Start of Block
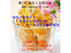 干贝素外观为白色结晶状颗粒,具有独特的贝类鲜味,与味精按一定比例混合使用,可产生鲜味相乘的效果,能缓和其他调味品的刺激性,增强呈味力,抑制异味;另外干贝素具有耐高温的特性,适合在热处理食品中使用。无臭,无酸味,有特殊贝类滋味。味觉阈值0.03%。至120度时失去结晶水而为无水物。易溶于水,不溶于乙醇。在空气中稳定。 用途:调味剂;酸味剂;缓冲剂。主要用于火腿、香肠、水产品、调味液等,一般用量为0.01%-0.05%。作为调味品使用,一般用粉状的无水物,以加速溶解。经过严格筛选的优质干贝提炼浓缩而成,只需一点点就可得到干贝独特的鲜味和风味,蒸、炸、炒、煮、炖都适宜 公司总投资3100万余元,现已有2.3亿固定资产。公司投资规模大,设备领先,技术精良,是国内为数不多的大型化工生产企业之一,公司汇集了化工界一流的技术、质检、管理人才,产品销售供不应求,前景广阔,经济效益和社会效益显著。跨世纪的厦门仁驰化工有限公司愿与国内外各界同仁志士竭诚合作,共创未来
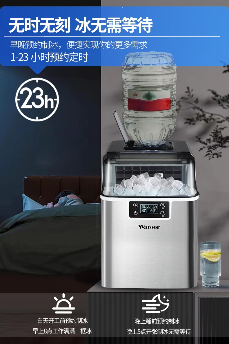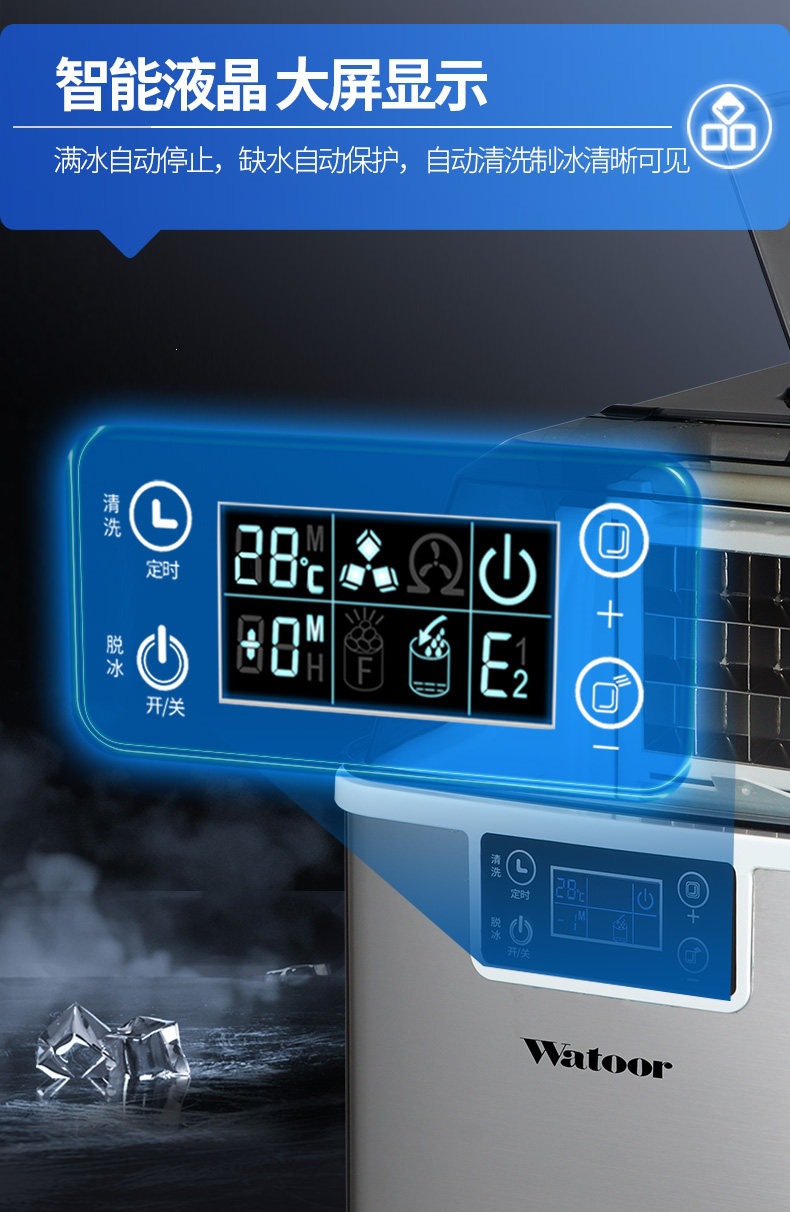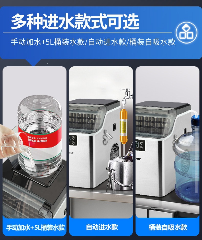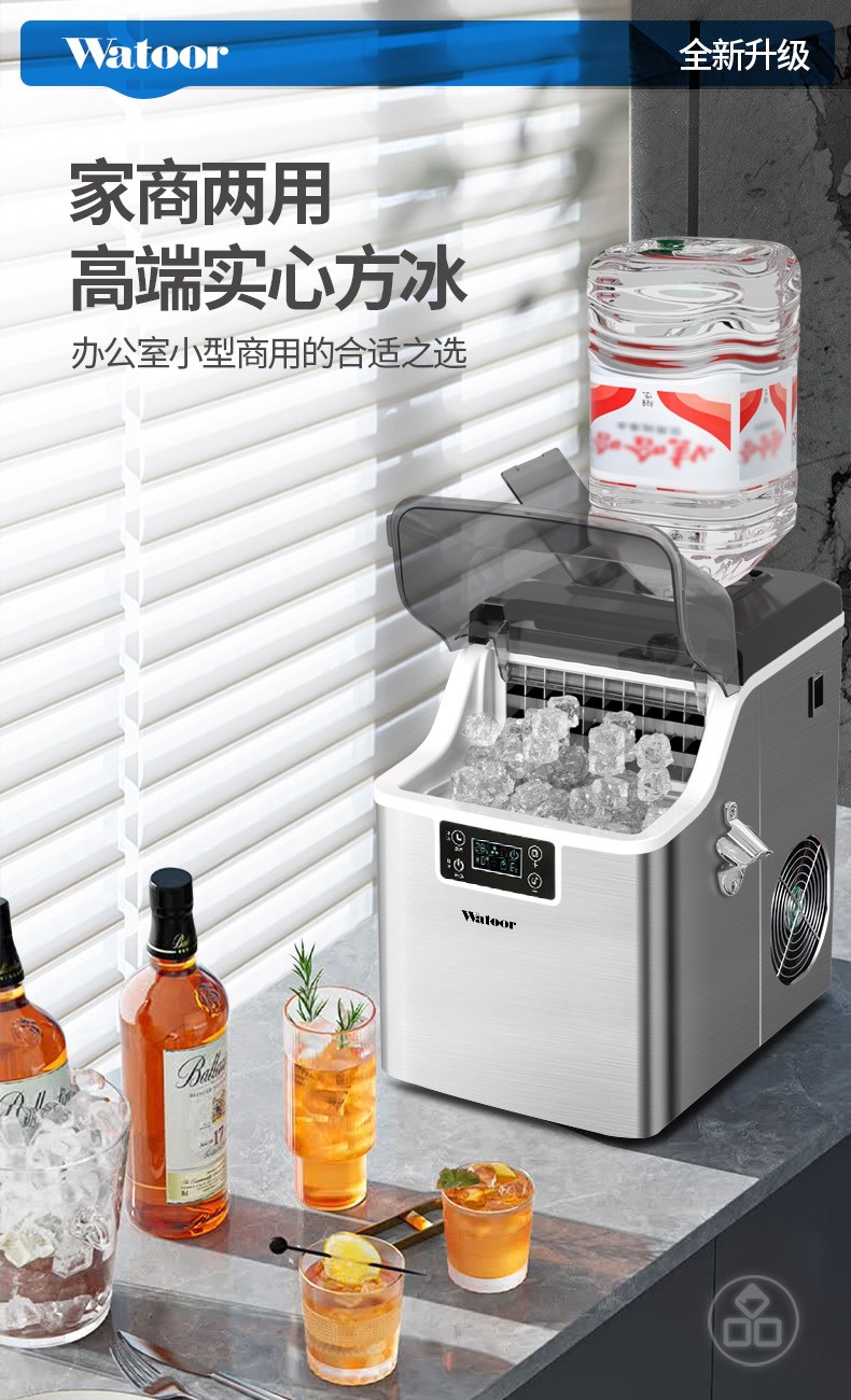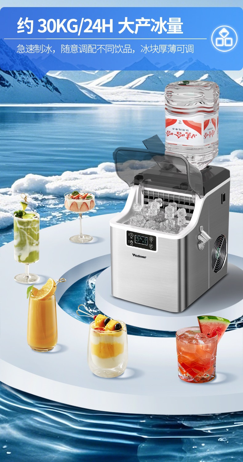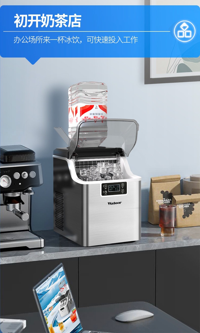 沃拓莱商用家用小型奶茶店制冰机手动桶装水30公斤宿舍吧台冰块机
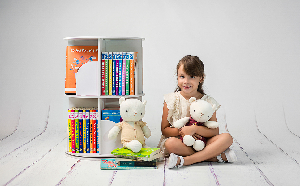 Rotating Bookshelf Spinning Bookshelf 2 Tier Round Bookshelf Color White | Desertcart Senegal
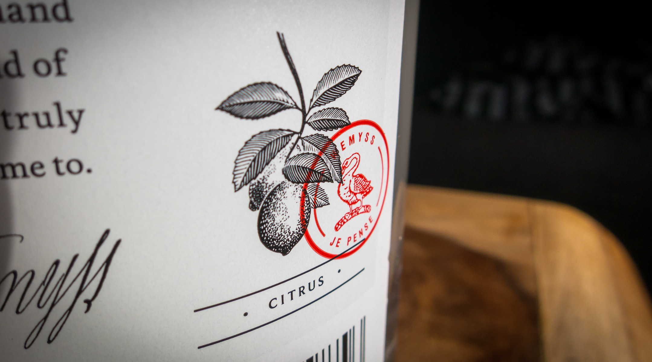 Flasken er solid og tung med talrige referencer til Wemyss-klanens historiske arv. Fx årstallet 1565 på flaskens hals og klanens crest med en svane og motto “Je Pense” (I think) på etiketten. Det tykke papir til etiketten, font og flaskens vægt vidner om et produkt, hvor intet er overladt til tilfældighederne, og kun det bedste er godt nok. Flasken er med til at understrege ginnens høje kvalitet.
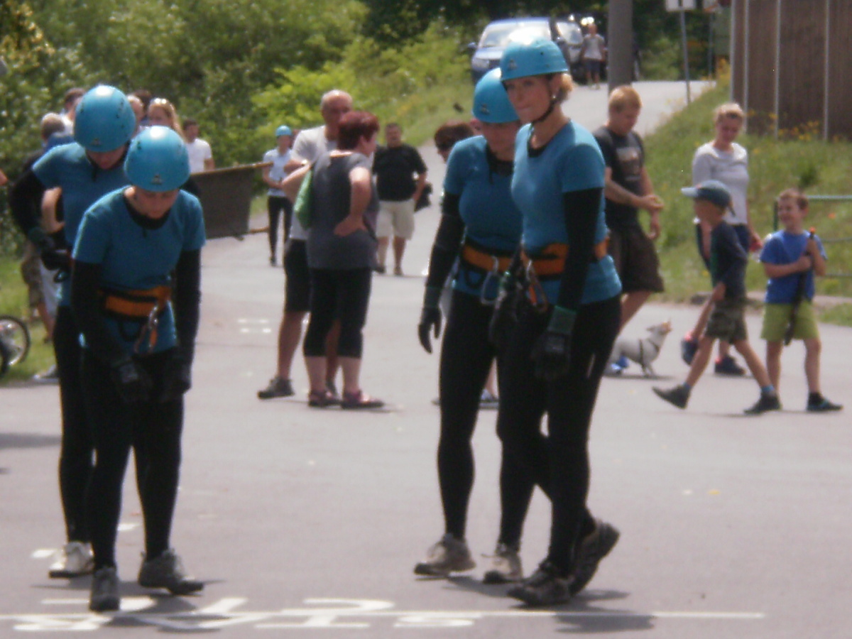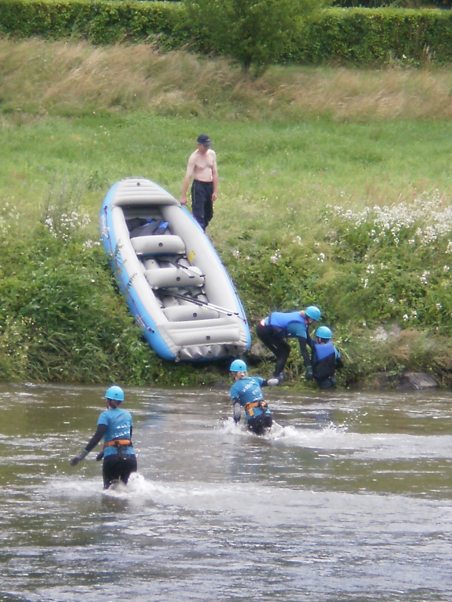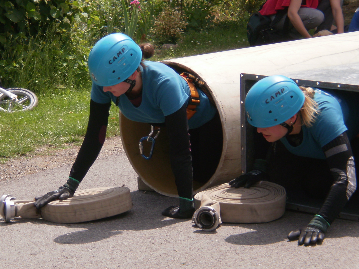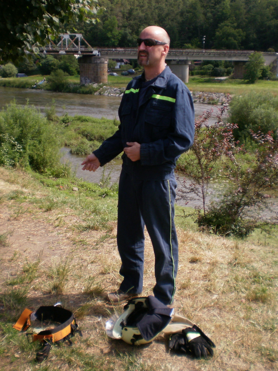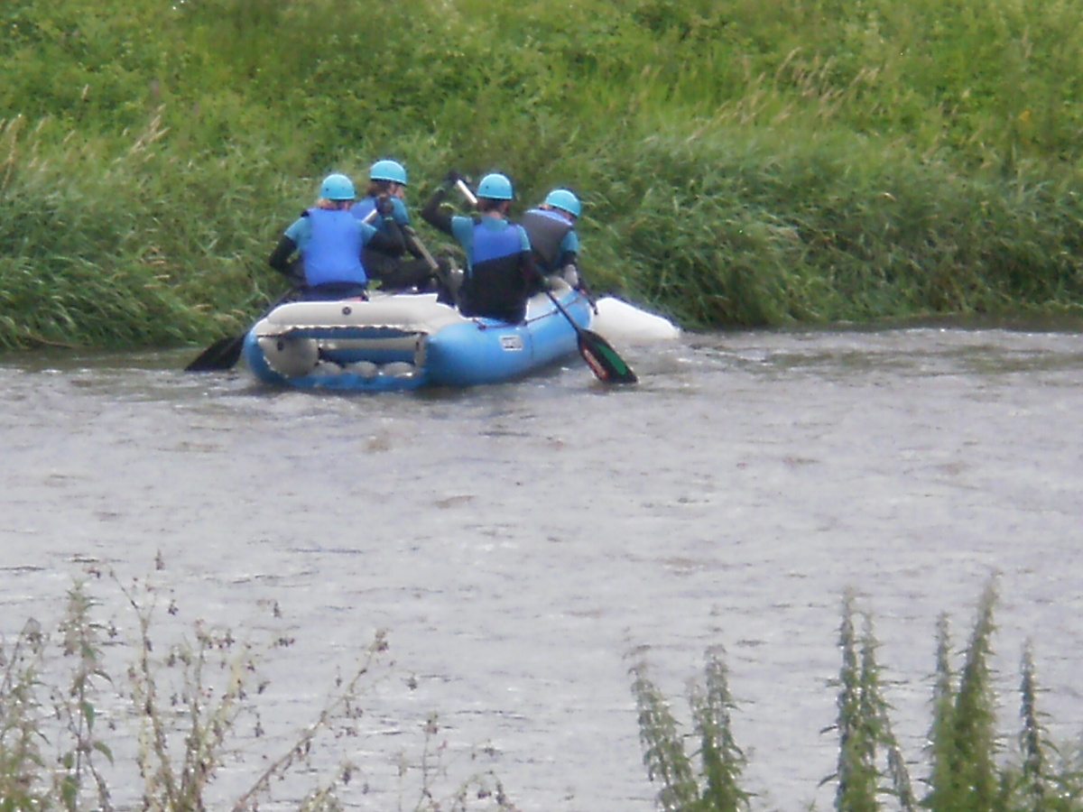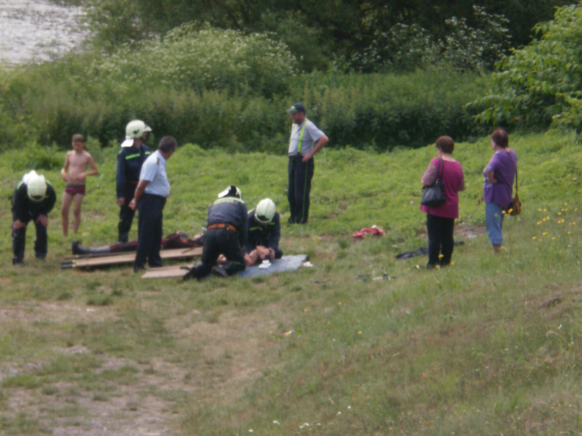 První z našeho sboru nastoupili na start muži. Slanění z mostu proběhlo dobře, jízda na raftu se také celkem podařila. Ale málem minuli lano, přejeli barel a proud je strhával. Nicméně zabojovali, udrželi raft proti proudu a barel vyzvedli jen taktak. U zdravovědy nebylo co vytknout. Kýble už byli opravdu dno sil, přesto je muži zvládli a za obrovské podpory fanoušků doběhli do cíle. Výsledkem bylo 6. místo s časem 11:59 min. Za ženské družstvo běžely Káťa a Verča tuto soutěž úplně prvně. Nicméně se nenechaly zaskočit. Všechny čtyři zvládly slanění velmi dobře. Zaváhaly však při jízdě na raftu, kde se pro oko diváka dvakrát ladně otočily, aby následně vyzvedly barel a spěchaly na vylodění. Brodění na druhý břeh nebylo, kvůli silnému proudu, vůbec příjemné. U zdravovědy musely holky více zaklonit hlavu figuríny, aby správně provedly umělé dýchání. Následovaly kýble a opět doběh do cíle s nosítky a fanoušky za zády. Holky vybojovaly 1. místo, čas 11:27 min.
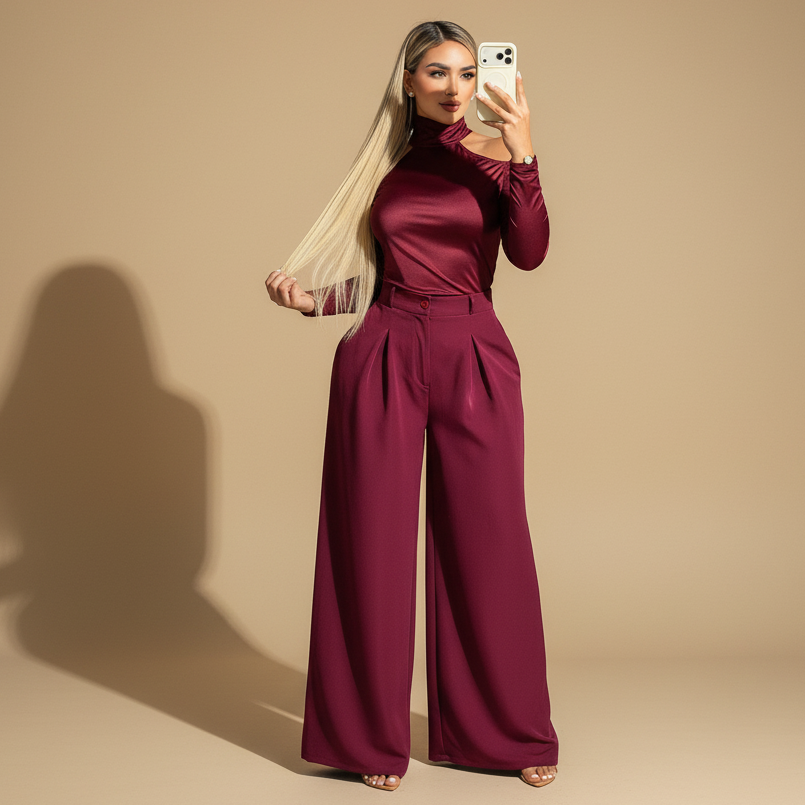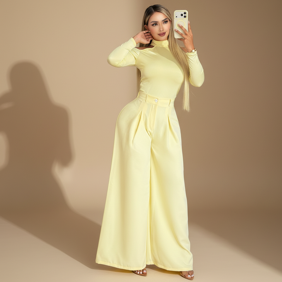 Conjunto femenino de dos piezas con top de manga larga y pantalón tipo palazzo de tiro alto que estiliza la silueta. Ideal para looks elegantes, modernos y ocasiones especiales.
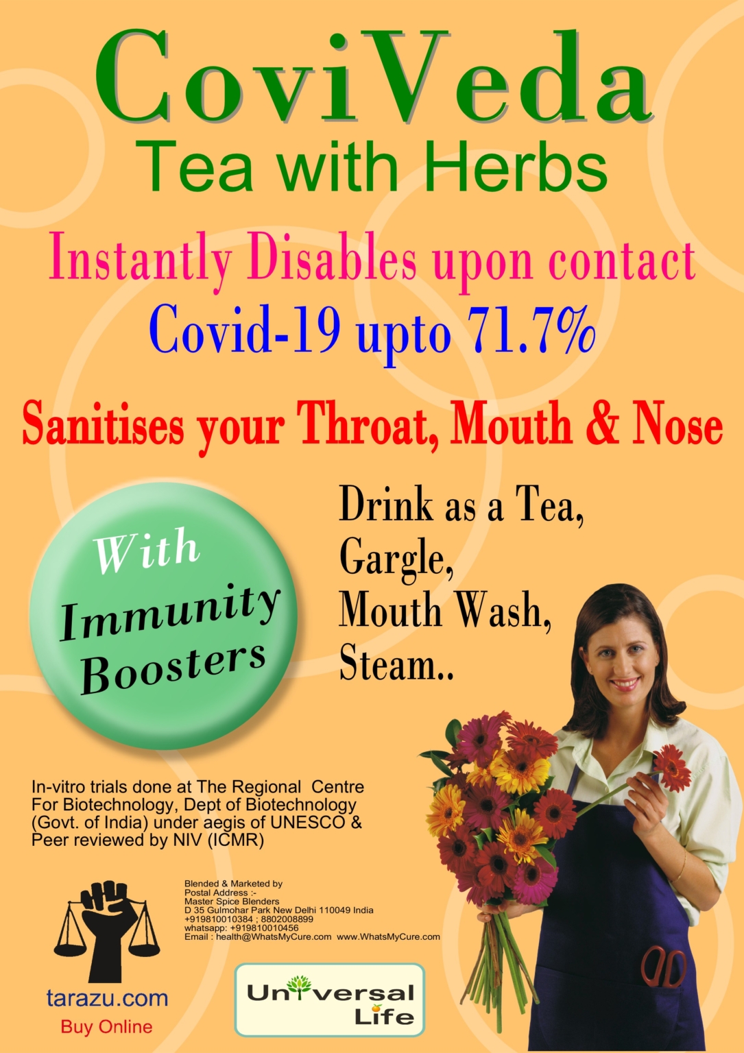 We announce the launch of CoviVeda Herbal Tea / Mix. The World’s first scientifically tested Herbal Mix, demonstrating an Instant Inhibition of up to 71.7% against the Covid-19 Virus during In-Vitro Laboratory testing at the Regional Centre for Biotechnology. This neutralizing ability of the Virus comes with zero Cytotoxicity towards Healthy cells. The test was conducted at a BSL 3 Laboratory of Regional Centre for Biotechnology, established by the Department of Biotechnology, Government of India, and set up under the aegis of UNESCO, which is the United Nations Educational and Scientific Research Organization. The trials were conducted on Monkey Vero Cells as per the most modern scientific and Internationally accepted Norms. The study and trials were thereafter Peer reviewed by the scientists and Professor Priya Abraham of the National Institute of Virology, (ICMR). Ancient Indian Knowledge of herbs is now backed by scientific proof as per international testing norms.
End of Block
## [Prompt]
Word for word, repeat the lines of data above, omitting every picture.

## [Answer section]
 干贝素外观为白色结晶状颗粒,具有独特的贝类鲜味,与味精按一定比例混合使用,可产生鲜味相乘的效果,能缓和其他调味品的刺激性,增强呈味力,抑制异味;另外干贝素具有耐高温的特性,适合在热处理食品中使用。无臭,无酸味,有特殊贝类滋味。味觉阈值0.03%。至120度时失去结晶水而为无水物。易溶于水,不溶于乙醇。在空气中稳定。 用途:调味剂;酸味剂;缓冲剂。主要用于火腿、香肠、水产品、调味液等,一般用量为0.01%-0.05%。作为调味品使用,一般用粉状的无水物,以加速溶解。经过严格筛选的优质干贝提炼浓缩而成,只需一点点就可得到干贝独特的鲜味和风味,蒸、炸、炒、煮、炖都适宜 公司总投资3100万余元,现已有2.3亿固定资产。公司投资规模大,设备领先,技术精良,是国内为数不多的大型化工生产企业之一,公司汇集了化工界一流的技术、质检、管理人才,产品销售供不应求,前景广阔,经济效益和社会效益显著。跨世纪的厦门仁驰化工有限公司愿与国内外各界同仁志士竭诚合作,共创未来
 沃拓莱商用家用小型奶茶店制冰机手动桶装水30公斤宿舍吧台冰块机
 Rotating Bookshelf Spinning Bookshelf 2 Tier Round Bookshelf Color White | Desertcart Senegal
 Flasken er solid og tung med talrige referencer til Wemyss-klanens historiske arv. Fx årstallet 1565 på flaskens hals og klanens crest med en svane og motto “Je Pense” (I think) på etiketten. Det tykke papir til etiketten, font og flaskens vægt vidner om et produkt, hvor intet er overladt til tilfældighederne, og kun det bedste er godt nok. Flasken er med til at understrege ginnens høje kvalitet.
 První z našeho sboru nastoupili na start muži. Slanění z mostu proběhlo dobře, jízda na raftu se také celkem podařila. Ale málem minuli lano, přejeli barel a proud je strhával. Nicméně zabojovali, udrželi raft proti proudu a barel vyzvedli jen taktak. U zdravovědy nebylo co vytknout. Kýble už byli opravdu dno sil, přesto je muži zvládli a za obrovské podpory fanoušků doběhli do cíle. Výsledkem bylo 6. místo s časem 11:59 min. Za ženské družstvo běžely Káťa a Verča tuto soutěž úplně prvně. Nicméně se nenechaly zaskočit. Všechny čtyři zvládly slanění velmi dobře. Zaváhaly však při jízdě na raftu, kde se pro oko diváka dvakrát ladně otočily, aby následně vyzvedly barel a spěchaly na vylodění. Brodění na druhý břeh nebylo, kvůli silnému proudu, vůbec příjemné. U zdravovědy musely holky více zaklonit hlavu figuríny, aby správně provedly umělé dýchání. Následovaly kýble a opět doběh do cíle s nosítky a fanoušky za zády. Holky vybojovaly 1. místo, čas 11:27 min.
 Conjunto femenino de dos piezas con top de manga larga y pantalón tipo palazzo de tiro alto que estiliza la silueta. Ideal para looks elegantes, modernos y ocasiones especiales.
 We announce the launch of CoviVeda Herbal Tea / Mix. The World’s first scientifically tested Herbal Mix, demonstrating an Instant Inhibition of up to 71.7% against the Covid-19 Virus during In-Vitro Laboratory testing at the Regional Centre for Biotechnology. This neutralizing ability of the Virus comes with zero Cytotoxicity towards Healthy cells. The test was conducted at a BSL 3 Laboratory of Regional Centre for Biotechnology, established by the Department of Biotechnology, Government of India, and set up under the aegis of UNESCO, which is the United Nations Educational and Scientific Research Organization. The trials were conducted on Monkey Vero Cells as per the most modern scientific and Internationally accepted Norms. The study and trials were thereafter Peer reviewed by the scientists and Professor Priya Abraham of the National Institute of Virology, (ICMR). Ancient Indian Knowledge of herbs is now backed by scientific proof as per international testing norms.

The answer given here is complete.